Swedish geneticist Svante Paabo wins Nobel Medicine Prize
Paabo has spearheaded the development of new techniques that allowed researchers to compare the genome of modern humans and that of other hominins — the Neanderthals and Denisovans.
Swedish paleogeneticist Svante Paabo, who sequenced the genome of the Neanderthal and discovered the previously unknown hominin Denisova, has won the Nobel Medicine Prize.
"By revealing genetic differences that distinguish all living humans from extinct hominins, his discoveries provide the basis for exploring what makes us uniquely human", the Nobel committee said in a statement on Monday.

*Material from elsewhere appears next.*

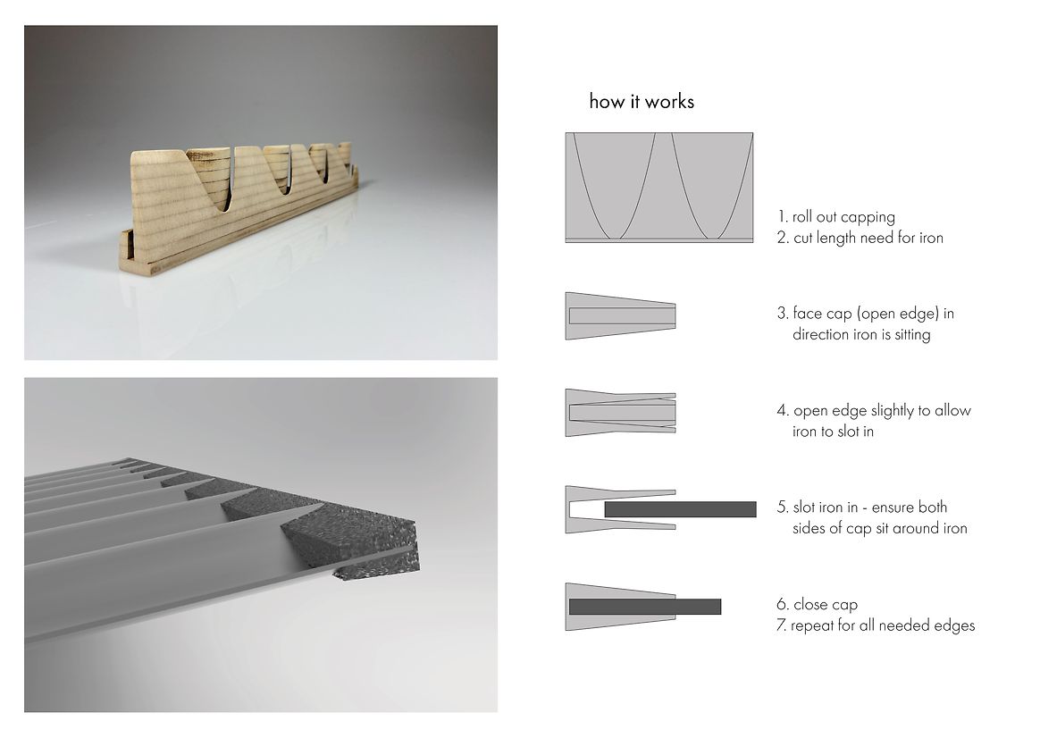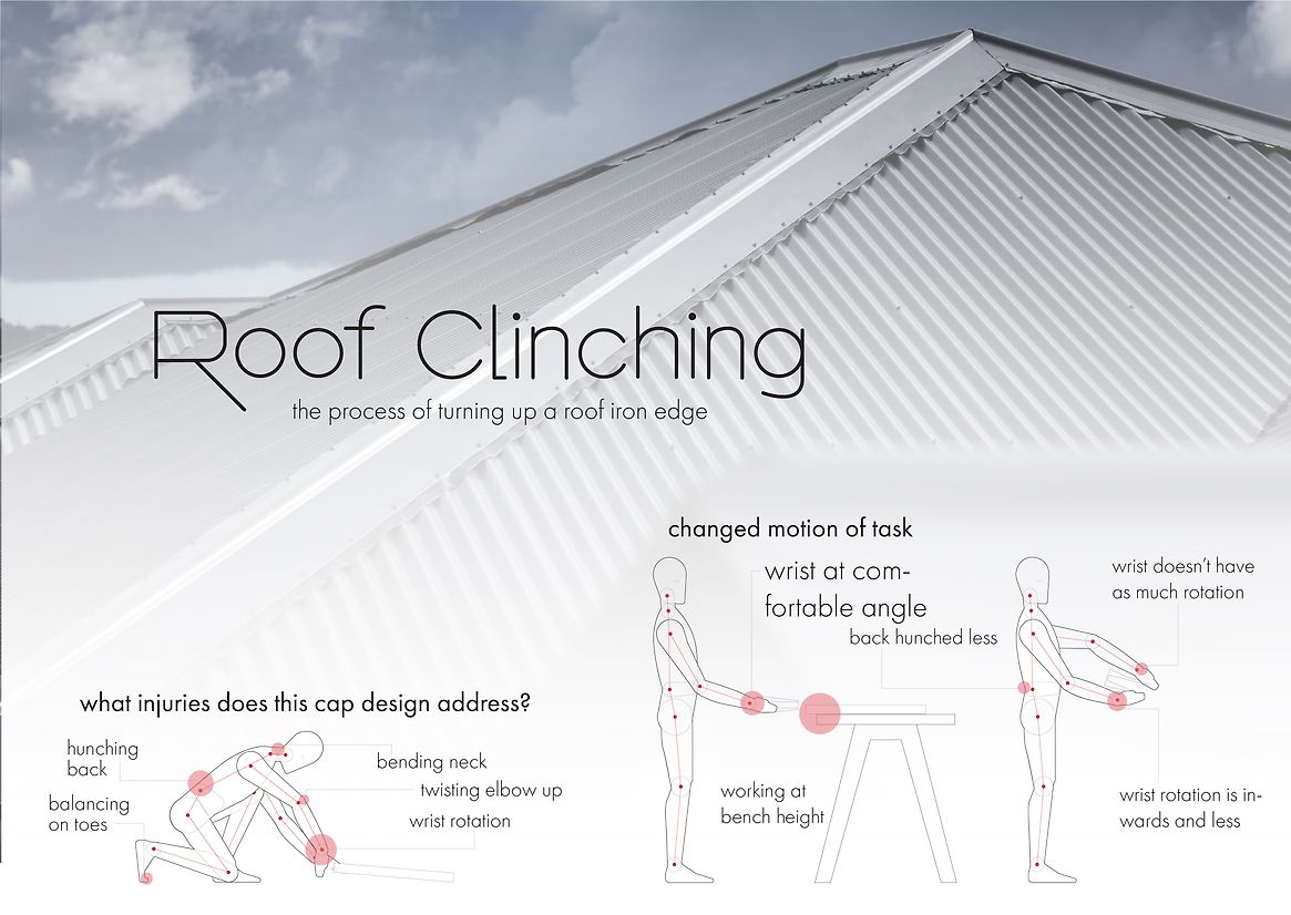 This design eliminates manual clinching which causes many injuries in the roofing industry. This includes the wrist and back as the task is often performed on the ground causing the body to twist or hunch over. Corrugate Cap can be applied on a bench or on the truck, so is at optimal height and involves fewer moves of the iron sheets. The flexibility of the cap also changes the wrist action, so does not cause pinching in the wrist which is expected to reduce the number of injuries caused by roof clinching. Time is the other factor as this design reduces the time taken to complete this task as the cap simply pushes on the iron.

Paabo, director of the department of genetics at the Max Planck Institute for Evolutionary Anthropology, found that gene transfer had occurred from now-extinct hominins to Homo sapiens following the migration out of Africa around 70,000 years ago.
"This ancient flow of genes to present-day humans has physiological relevance today, for example affecting how our immune system reacts to infections," the jury said.
Covid-19 patients with a snippet of Neanderthal DNA run a higher risk of severe complications from the disease, Paabo reported in a 2020 study.
Paabo, 67, who takes home the award sum of 10 million Swedish kronor ($901,500), will receive the prize from King Carl XVI Gustaf at a formal ceremony in Stockholm on December 10, the anniversary of the 1896 death of scientist Alfred Nobel, who created the prizes in his last will and testament.
Last year, the Medicine Prize went to US pair David Julius and Ardem Patapoutian for discoveries on receptors for temperature and touch, which have been used to develop treatments for a wide range of diseases and conditions, including chronic pain.
BREAKING NEWS:
— The Nobel Prize (@NobelPrize) October 3, 2022
The 2022 #NobelPrize in Physiology or Medicine has been awarded to Svante Pääbo “for his discoveries concerning the genomes of extinct hominins and human evolution.” pic.twitter.com/fGFYYnCO6J
Nobel week
The Nobel season continues this week with the announcement of the winners of the Physics Prize on Tuesday and the Chemistry Prize on Wednesday.
They will be followed by the much-anticipated prizes for Literature on Thursday and Peace on Friday, while the Economics Prize winds things up on Monday (October 10).
For the Literature Prize on Thursday, literary critics told AFP they thought the Swedish Academy may go for a more mainstream author this year, after selecting lesser-known writers the past two years.
Last year, Tanzanian author Abdulrazak Gurnah won, while US poet Louise Gluck was crowned in 2020.
But it is the Peace Prize that is expected to hold special significance this year amid the Russian offensive against Ukraine.
Last year, Russian journalist Dmitry Muratov won the prize together with his Philippine colleague Maria Ressa in the name of freedom of expression.